(The “Chinese,” Or: Something Like The Chinese)
In La Chinoise, Godard explores the issue of intra-party ideological difference as he tries to contrast what Marxism and Maoism stand for. He criticizes, though not hard-hittingly, the revisionist policies of the present-day socialists and questions if they are true to communist principles at all. But the larger discussion in the film remains about the involvement of the student community in revolution – an issue he grazed in Masculine-Feminine (1966) employing the same Jean-Pierre Léaud. Through this issue and use of a classroom-like atmosphere for almost the whole film, Godard calls for sensible political education and calculated extremism – both of which the protagonists of the film fail at.

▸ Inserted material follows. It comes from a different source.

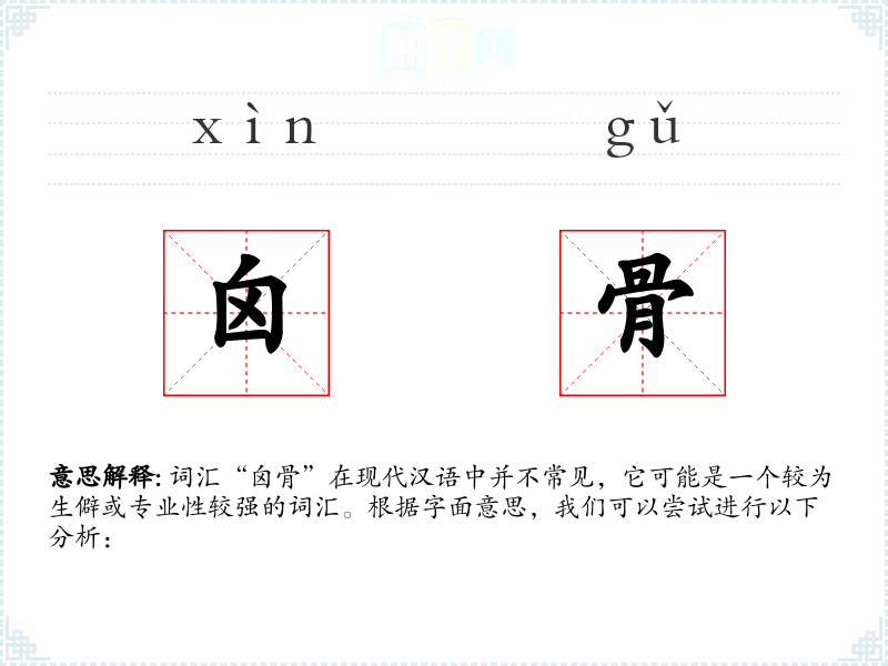 词汇“囟骨”在现代汉语中并不常见,它可能是一个较为生僻或专业性较强的词汇。根据字面意思,我们可以尝试进行以下分析:

Godard’s use of the red, blue and white colours reaches remarkable heights as he employs them to convey multiple layers of meanings. On a basic level, Godard uses them to portray love, hate and apathy respectively and Contempt (1963) and A Woman is a Woman (1961) remain prime examples of that. Additionally, he uses them to represent communist, neutral and capitalist principles in this trilogy. He also alludes to the presence of these colours on the French flag, as if suggesting that France herself is being torn apart by these opposing ideologies. Godard turns down the notion of the Left and the Right in Made in U.S.A. (1966) and interestingly, red and blue respectively occupy the right and the left side of the French flag! And in La Chinoise, he does all this so effortlessly.
Godard continues to ruthlessly breach the fourth wall and even refers to Brecht and other influences during the course of the film. In some ways, La Chinoise looks like Godard’s first politically revolutionary film. 2 or 3 things I Know About Her looked like a yearning for change whereas La Chinoise seeks to do the change. Because of this significantly didactic nature of the film, many may decide to put an end to their journey of discovering Godard. But it is indeed after this film that Godard’s films become both politically and cinematically revolutionary.